Друзья сидели рядом со мной, а кто-нибудь из них еще продолжал играть, и когда нацеливался кием в шар, халат его распахивался и виднелась серебряная медаль "За отвагу", и когда он резко ударял кием, медаль вздрагивала и трепыхалась; потом парень снова запахивал халат и начинал, согнувшись, ходить вокруг стола, высматривая хороший шар. У меня тоже была такая медаль, кое у кого были и ордена, а у некоторых не было ничего, но все равно это были хорошие парни, и все они одинаково хорошо воевали в свое время, и я любил их здорово. Комиссар часто бывал с нами, разговаривал запросто, и так как мы здесь были в халатах, а не в гимнастерках, мы его нисколько не стеснялись, но всегда разговаривали на "вы", и уважали его, и любили. Он всякий раз, когда приходил, распечатывал новую пачку папирос и угощал нас; мы курили и вспоминали фронт, а часто и мирную жизнь, и он много рассказывал нам интересного. Он был потомственный военный, был ранен под Ельней и сейчас ходил, опираясь на палку, и мы очень уважали его за это, как всякий фронтовик фронтовика, и знали, что орден Красного Знамени получен им заслуженно.
Мои друзья-парни иногда менялись: одни уходили в батальон выздоравливающих и возвращались на фронт, другие уезжали в тыл на длительное лечение или совсем домой. Но компания, несмотря на это, всегда оставалась и внешне казалась неменяющейся, и мы всегда собирались у бильярда. Около нас частенько бывал комиссар или кто-нибудь из врачей и уже всегда девчата, и парни шутили с ними. Я совершенно не имел дела с девушками, мне с ними было скучно.
Не бывала внизу одна Машенька. Впрочем, еще некоторые девушки не бывали здесь, те, которые дежурили в офицерских палатах.
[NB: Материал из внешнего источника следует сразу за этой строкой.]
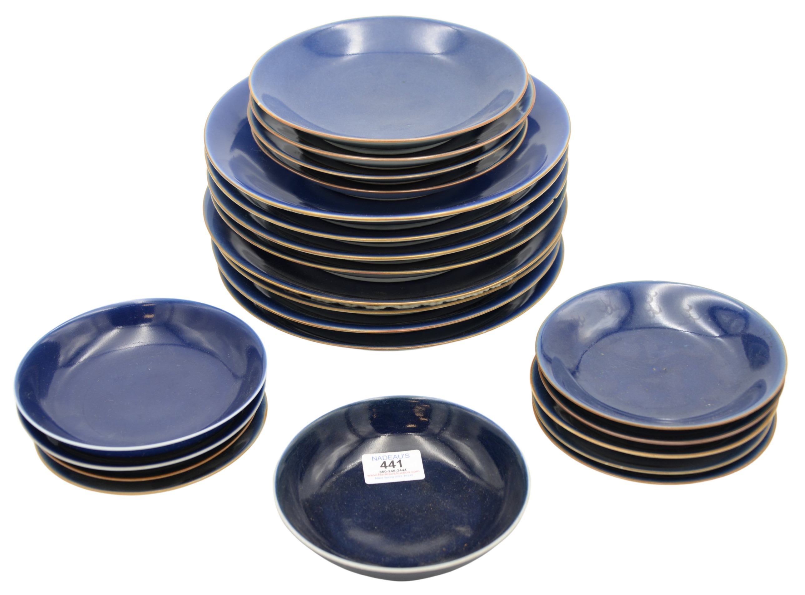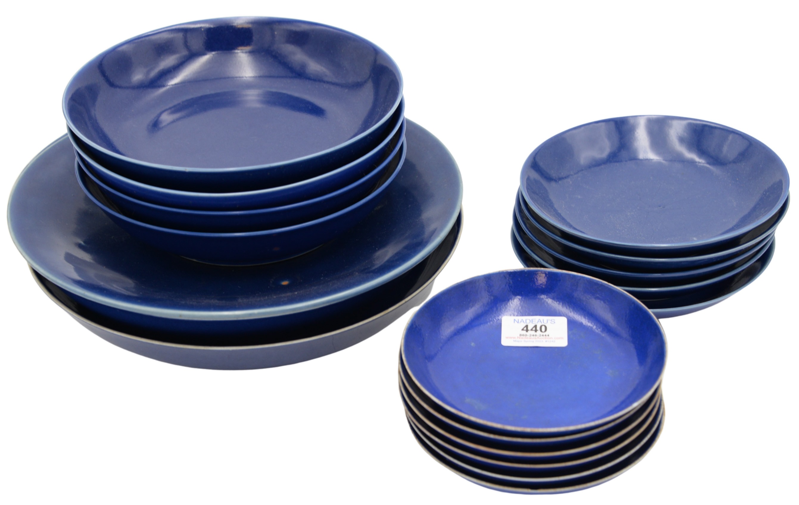 Group of 45 Chinese Porcelain Underglaze Blue Dinnerware Set, each deep blue glazed, having white rim and marked with seal mark on bottom, to include 11 dinner plates, diameter 9 1/2 inches; 15 shallow bowls, diameter 7 1/4 inches; 9 luncheon plates, diameter 8 1/2 inches; along with 10 deep bowls, diameter 7 inches.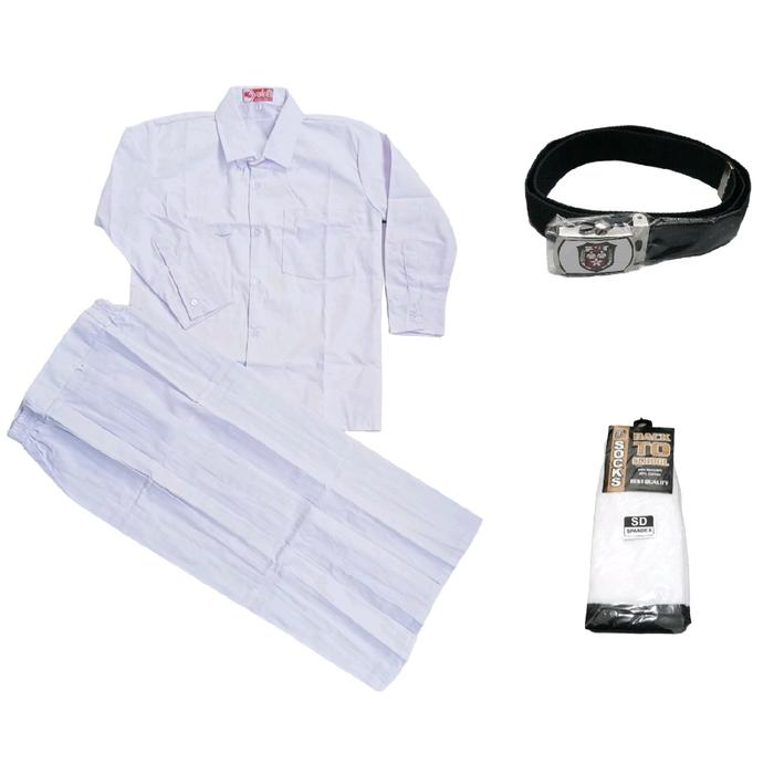 Seragam Sekolah MI Putih Polos Perempuan Lengan Panjang Rok Panjang Super Komplit Kelas 1-6 Seragam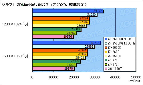 基礎検証レポートで,その性能にはかなりの期待が持てそうであると判明しているSandy Bridgeだが,実際のゲームアプリケーションで,従来のCPUよりどの程度速いのか。まずはグラフ1,「3DMark06」(Build 1.2.0)の総合スコアから見てみよう。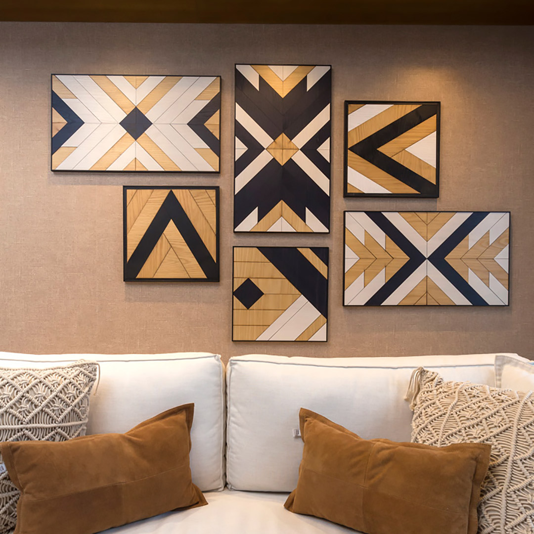 Descrição: Confeccionado com técnica marchetaria em folha de madeira de carvalho americano, tingimento e uma moldura ultra fina em alumínio preto fosco, os quadros da linha Etnias valoriza as diversas expressões de arte étnica garimpada mundo afora. Material: MDF carvalho americano, MDF tingido em branco e MDF tingido em preto, usinado a laser, colado em fundo de MDF preto texturizado e moldura em alumínio preto com acabamento 45° nos cantos. Medidas: 40 x 70 cm. Designer: Rafael Borges.

Так хорошо я жил месяц. Потом ведущий хирург решил, что хватит мне так ходить, и записал на операцию. Два дня мне не давали вставать с постели и готовили к операции ногу. Операция меня не страшила, только было скучно лежать, но хлопцы приходили развлекать меня, и по существу ничего не изменилось, мы по-прежнему были вместе. Только когда мы много курили, приходила сестра, выгоняла хлопцев из палаты и открывала окно. На улице таял снег, я лежал и смотрел в окно, как каплет с крыши, и иногда читал старую подшивку "Красного спорта". Подшивка вся была изодрана на курево, но я все равно любил ее читать и подолгу рассматривал иллюстрации.
Все было хорошо, только чуточку не хватало Машеньки, и я вспоминал, как она проходит по коридору, неся над головой поднос, и улыбается краешками губ.
Пролежал я два дня. Потом меня вызвали. Весь госпиталь знал, что Алешке Иванову делают операцию: друзья проводили меня до дверей, и когда я вошел в операционную, они забрались на стол, чтобы смотреть через верхнее, незамазанное стекло в дверях. В операционной, прислонившись спиной к стене, стояла Машенька. На одном из двух высоких столов лежал казах из восьмой палаты, на лице у него была маска из марли; в головах стояла операционная сестра и разбивала над маской ампулу. Живот у казаха уже был распластан, и ведущий хирург возился в нем обеими руками, перебирая пальцами кишки. Кровь заполняла всю полость и бежала через край, впитываясь в простыню, и было страшно.